Kindly, I Color My World A Tribute To ArtHeart
By Pete Townsend, 2nd revision
From highest ambition to humblest end I have withered. Though I accept a few feet of cool earth as my earnest comfort, my spirit remains unbound - as kindly I color my world. At the pace of watercolors I reflect gratefully. Through palette and brush comforts blossom. With stately strokes I soar majestically over mountains. Looser than the tail of a kite dancing on wisp and whim I kick up my feet over cushy clouds. A swallow slips through willows and I do not weep. Canoe gliding, sun beaming or wave lapping – it is me, I am free and soundly I sleep in the night.
ArtHeart is my only refuge. I close my eyes, wash out the shadows with light and color and joy. When a leaky ceiling drip slaps the floor I paint the snap of whipping hair tearing down the black ribbon full throttle on a Harley. Wind washes the tightness from my brow and jaw. My heart pounds and a grin stretches fully around my face. When I feel down I paint a hot air balloon. I become a bubble in Champagne or a sparkle off a mirrored ball. Lightness of heart, like a musical note, I float in the air. Clutching pain drags me back into my wheelchair. I must deal with what I must as best I can. Eyes closed, kindly I color my world and soundly I sleep in the night.

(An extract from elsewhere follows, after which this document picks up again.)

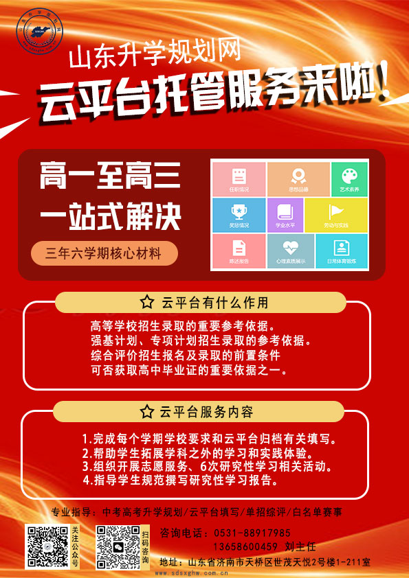 对于高中学生而言,云平台就是学生的档案,它记录着学生高中三年以来的所有的奖惩、任职、成绩、社会实践等,是学生综合实力的展现。云平台的综合素质档案,在未来的高考升学中会起到重要作用,尤其是综合评价招生、强基计划招生。

Tender is my garden of thoughtful flowers – blessing bright days by virtue of showers. I never knew how lost I would be as I grow old. No purpose or use, unneeded and in the way - I never felt so grateful for a place to belong. ArtHeart is a chosen family. Each participant, volunteer and staff is a dab of sweet color – red petals like kissing lips warming the darkest of my shadows. Softly I paint cool streams in the passing, birds singing or children laughing and soundly I sleep in the night.
Now my seasons have passed, my palette dry and bristles brittle the shadows close in with their black anger. Pain ever increasing, despair bites deep and clamps on. Sunrise no longer burns holes through my darkest dreams, I search for light through my mind’s windows. I think of ArtHeart and dance with the moon. Inebriated with stars I drink in the night. I cozy in, preparing for eternal slumber, close my eyes and paint a blanket of purring kittens. Harmony reaping, I am in their good keeping and soundly I sleep in the night.